New-look Senate, old-look leadership


WASHINGTON -- With the addition of newly elected women and minorities, the Senate next year will sport a new look, but the chamber's leadership will look pretty much as it did in the last Congress.

Senators chose every incumbent leader yesterday, Republican and Democratic, who sought positions. To fill two vacant spots -- created when voters turned out two male senators -- two incumbent males were selected.

The only close races were on the Republican side, where there is a struggle for the soul of the party in the wake of President Bush's failed re-election bid. The conservative wing of the party, represented by Phil Gramm of Texas and Alan Simpson of Wyoming, won the most hotly contested elections.

Mr. Gramm was re-elected chairman of the National Republican Senatorial Committee, defeating Mitch McConnell of Kentucky by one vote. In the contest for Senate minority whip, the incumbent Mr. Simpson survived a challenge from Slade Gorton of Washington on a 25-14 vote.

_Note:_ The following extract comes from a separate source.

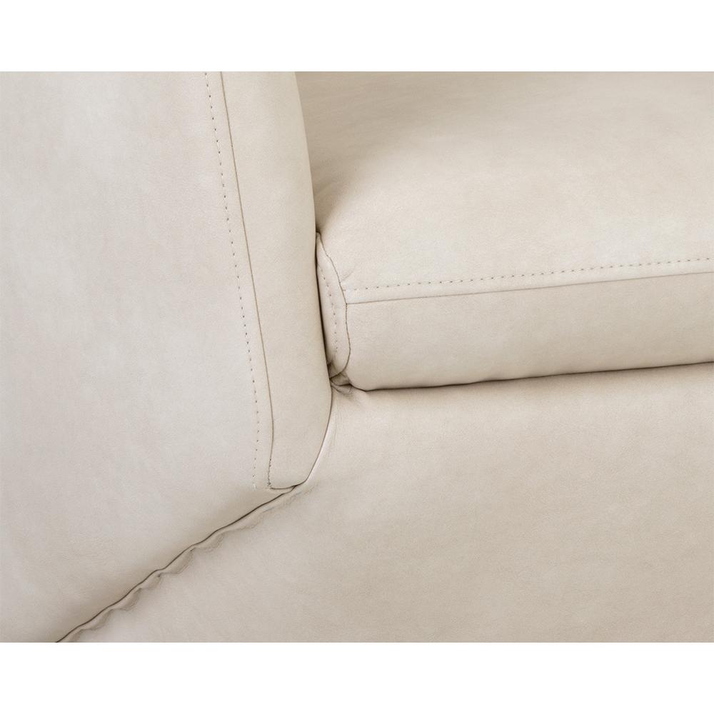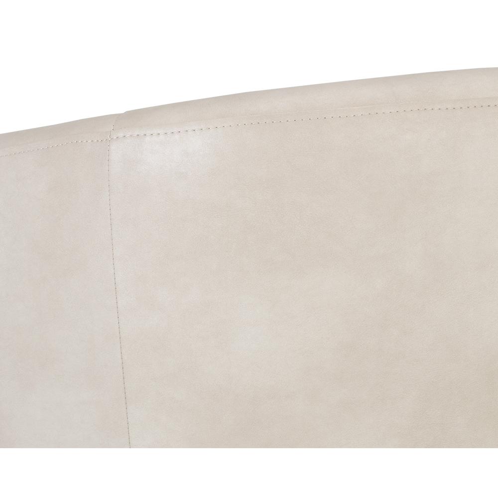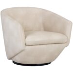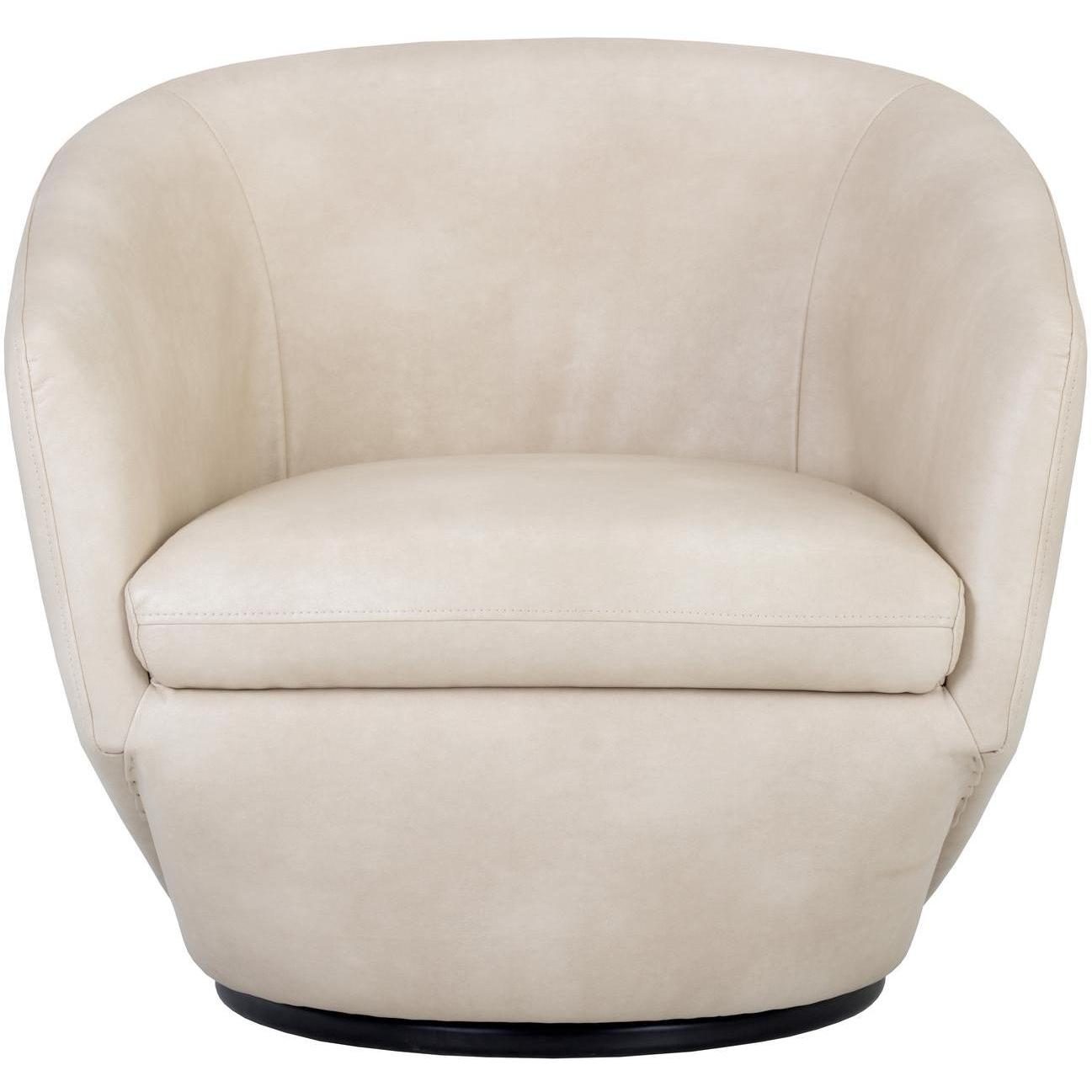 A modern swivel lounge chair designed with an angular base and a comfortable seat. Available in bravo cream faux leather with a black steel base. Handle With Care: This design has been crafted with faux leather. Faux leather is manufactured to reflect the natural characteristics of leather; as such, colour variations, markings, wrinkles, grooves, and light scratches are appreciated characteristics. No two pieces will be alike.

In other GOP contests, Bob Dole of Kansas easily won re-election as minority leader. Trent Lott of Mississippi won a three-way race for secretary of the Republican Conference, defeating Christopher Bond of Missouri and Frank Murkowski of Alaska. Mr. Lott replaces Robert Kasten of Wisconsin, who lost a bid for another term last week.

Among the Democrats, Senate Majority Leader George Mitchell of Maine hinted that there could be at least one change in his party's posts when the Senate convenes next year.

In other elections among Democratic senators, Wendell Ford of Kentucky was re-elected majority whip and David Pryor of Arkansas was re-elected secretary of the Democratic Conference. John Breaux of Louisiana was elected chief deputy whip, succeeding Alan Dixon of Illinois, who was defeated in the primary.